I had to collect my checked luggage as my final flight was Air Canada and Lufthansa doesn’t pass along the bags so after ‘checking in’ again I was finally on my way home. A very long day of travel by the end, but so good to see my dear sweetheart D waiting for me.
It was a truly awesome trip, and being ‘forced’ to spend so much time in Italy turned out to be a bit of a gift. Arrivaderci – until next year!
The morning of my last day in Papiano was beautiful with a lovely sunrise. Chairman Meow came to say goodbye – well, he came for food and a pat on the head…ok really he just came for food but I managed to pat him on the head without getting bitten or slashed.

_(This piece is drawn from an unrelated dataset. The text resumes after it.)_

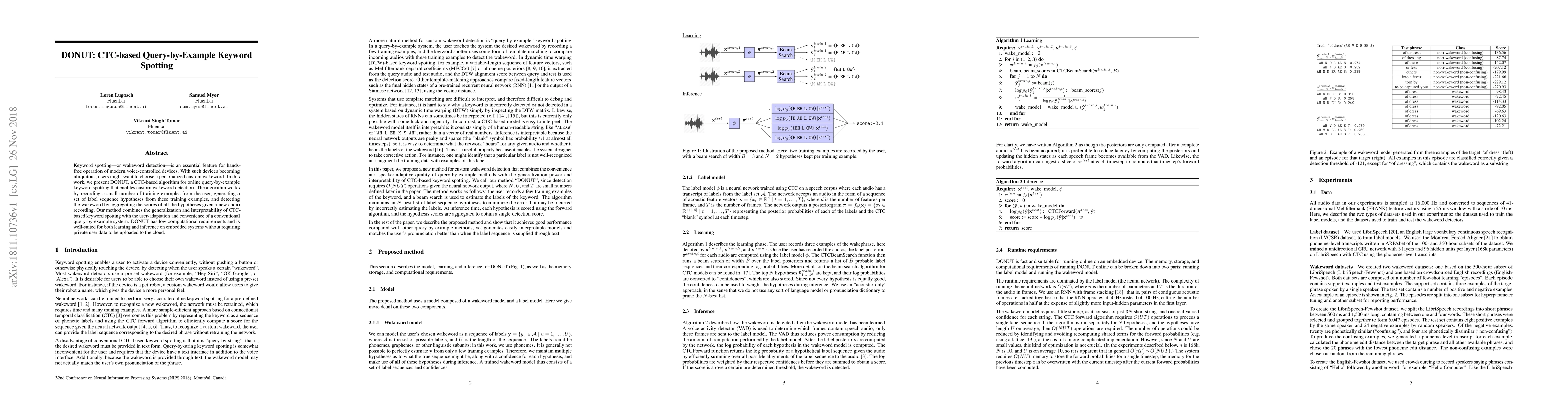DONUT is a CTC-based algorithm for personalized, online keyword spotting, enabling custom wakeword detection using minimal user training examples. It combines the strengths of CTC for generalization and query-by-example systems for user adaptation, with low computational demands suitable for embedded devices.
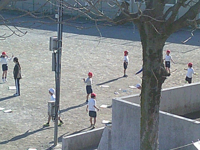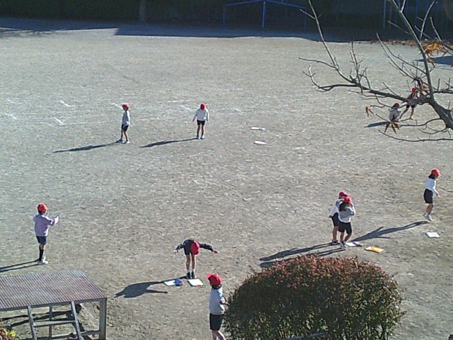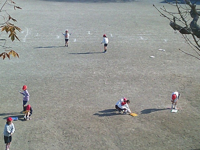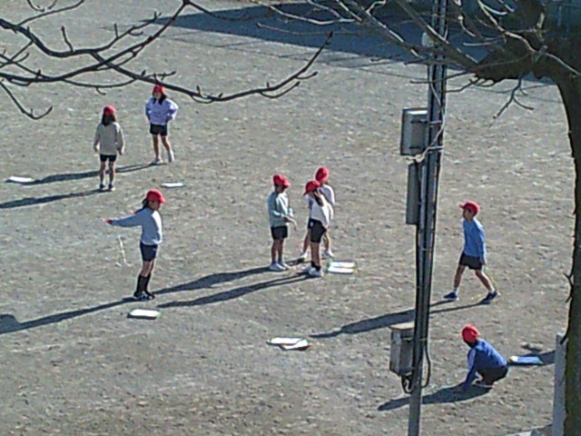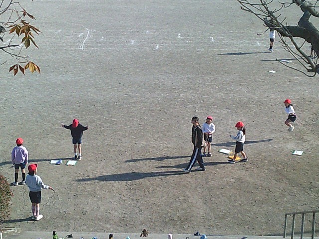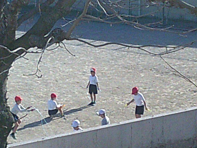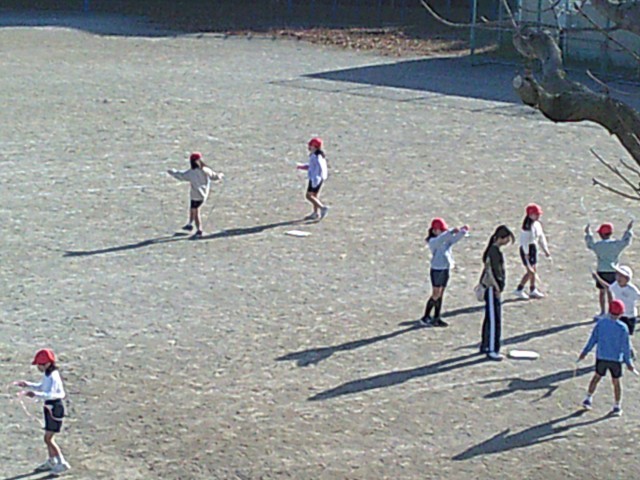 10日(水)2時間目、2年2組は体育の時間でした。準備運動後、前半は「なわとび」の練習をしました。ペアの相手に数えてもらったり、跳び方を知っている友達に教えてもらったりする姿がありました。写真は専科棟2階のベランダから撮っています。

I took a few final photos of the terrace and the view, and we were on our way around 11:30.
As we passed the bar we waved again to Antonio – we’d said our goodbyes the previous afternoon.
We headed south to Terni, then southeast, passing many sections of roadworks. It slowed the journey down some but lord knows most of the roads need it.
We stopped just short of our destination, right below the town of Rivisondoli.
It was a lovely evening although it’s starting to get chilly as soon as the sun goes down.
The next morning was another beautiful one – we took the dogs for a nice walk along a paved path right next to the camper park, then I checked out some sculptures in a nearby park.
They’re made of metal and seem to be used for lighting fires in. We figure there must be some kind if festival, maybe in the winter – this area a big for skiing, etc.
We continued on past the town of Roccaraso and followed the road to the top that will be the finale of stage 9 of the Giro d’Italia. We’ve been watching the race every day on tv and this one stage will be the only one we’ll be able to get to in person this year.
The 7 km climb to the top isn’t that steep but it will be right at the end of a long hard day for the riders.
There’s no parking allowed at the very top, but lots of wide areas a km or two down. Several campervans were already there but there was lots of space so we did get an excellent spot.
We put up the flags and had a quiet afternoon. The folks that pulled in next to us came over with a cup of espresso for each of us – very sweet but packing quite a caffeine jolt.